Academic background
- Thesis: Cognitive distortions in child sexual offenders: fact of fiction? (2003);

= Theresa A. Gannon =

Professor of forensic psychology at University of Kent

Theresa A. Gannon is a British academic psychologist and chartered psychologist, and is a full professor at the University of Kent specialising in forensic psychology, especially of deliberate firestarters and sexual offenders. Gannon is a Fellow of the Academy of Social Sciences, and was awarded the British Psychological Society's Division of Forensic Psychology Lifetime Contribution to Forensic Psychology Award.

==Academic career==

Gannon completed a degree in psychology at the University of Birmingham. In her third year she was 'fascinated' by a lecture on forensic psychology. She completed a PhD titled Cognitive distortions in child sexual offenders: fact of fiction? at the University of Sussex in 2003. Gannon then undertook a four year postdoctoral fellowship at Victoria University of Wellington, working with psychologist Tony Ward on the psychology of sexual offenders, before returning to the UK. Gannon worked Kent and Medway Social Care and Partnership NHS Trust, working with a wider range of different type of offenders in a medium secure unit. She took a position at the University of Kent, where as of 2024 she is Professor of Forensic Psychology and Director of the Centre of Research and Education in Forensic Psychology.
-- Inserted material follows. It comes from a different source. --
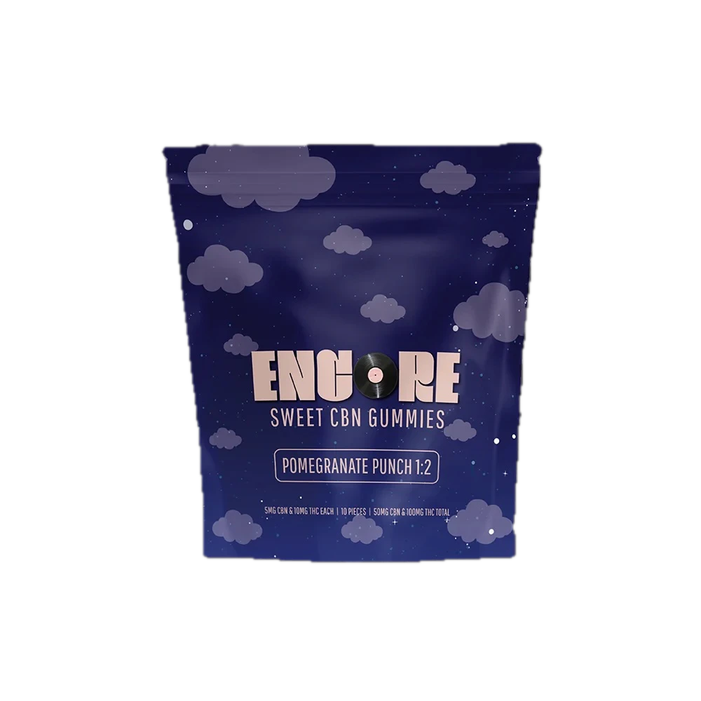 Slow the tempo with the rich and tart pomegranate flavor of Pomegranate Punch, each gummy is packed with 5 mg CBN and 10 mg THC for a smooth, sleepy fade-out. Made with Pectin. Dairy Free, Gluten Free, Nut Free.

Gannon is also a Chartered Forensic Psychologist.

Gannon is interested in sexual offending in men and women, and the cognitive behaviour of deliberate firesetters.

She describes providing a treatment plan for a sexual offender, but realising that he had a history of arson, and had never been treated specifically for it. This encounter prompted her to explore what reoffending rates were for people who deliberately set fires, and what treatments were available for them. Gannon obtained funding from the Economic and Social Research Council to explore the characteristics of firesetters, and eventually developed a theory of firesetting. She went on to develop this into a standardised treatment programme for people who set fires, and trained people in the UK and internationally to deliver the programme.

Gannon was editor in chief of the journal Psychology, Crime & Law from 2012.

== Honours and awards ==
In March 2015 Gannon was elected a Fellow of the Academy of Social Sciences.

Gannon and her team won the Outstanding Impact on Society Award at the Economic and Social Research Council Celebrating Impact awards in 2016, for "research on deliberate firesetters and a resulting treatment programme". Gannon planned to use the award to translate the standardised treatment programme into other languages.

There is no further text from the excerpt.